BERLIN – Ecosia, the search engine that plants trees, has been awarded B Corp status, joining the growing movement of B Corporations certified by 2014 Skoll Award recipient B Lab.

A B Corporation is a new type of company, which uses the power of business to solve social and environmental problems. Nonprofit organization B Lab is the B Corp certification body.

“Our mission has always been to create a more sustainable world,” Ecosia Founder Christian Kroll said. “In 2009, we promised our users to focus on impact instead of profit – and now there is an entire movement for our philosophy.”

Ecosia lets users help plant trees when they search the web.

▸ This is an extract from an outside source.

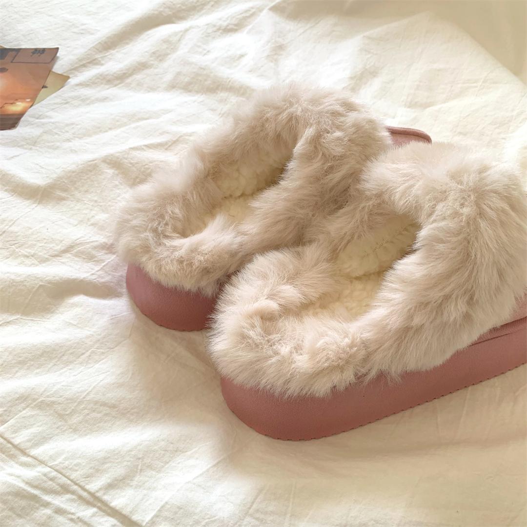 兔毛大棉鞋勃肯鞋厚底加绒棉拖鞋女外穿2025冬季舒适后跟休闲拖鞋

By donating 80 percent of its ad revenue, the search engine has raised over $1.5 million for rainforest protection since its founding in December 2009. The company’s mission to cultivate a more environmentally, socially and economically sustainable world has it working to plant one million new trees in Brazil’s Atlantic Forest with The Nature Conservancy by August 2014.

“Our users understand strength in numbers because they see its impact everyday,” Kroll said. “Ecosia’s B Corp certification expands that energy to a growing network of smart, accountable businesses who know that social, environmental and economic sustainability is the only true way forward.”

About B Corp
Certified B Corporations meet rigorous standards of social and environmental performance, legally expand their corporate responsibilities to include consideration of stakeholder interests, and build collective voice through the power of the unifying B Corporation brand. As of April 2014, there are more than 990 Certified B Corporations from over 60 industries and 32 countries, representing a diverse multi-billion dollar marketplace.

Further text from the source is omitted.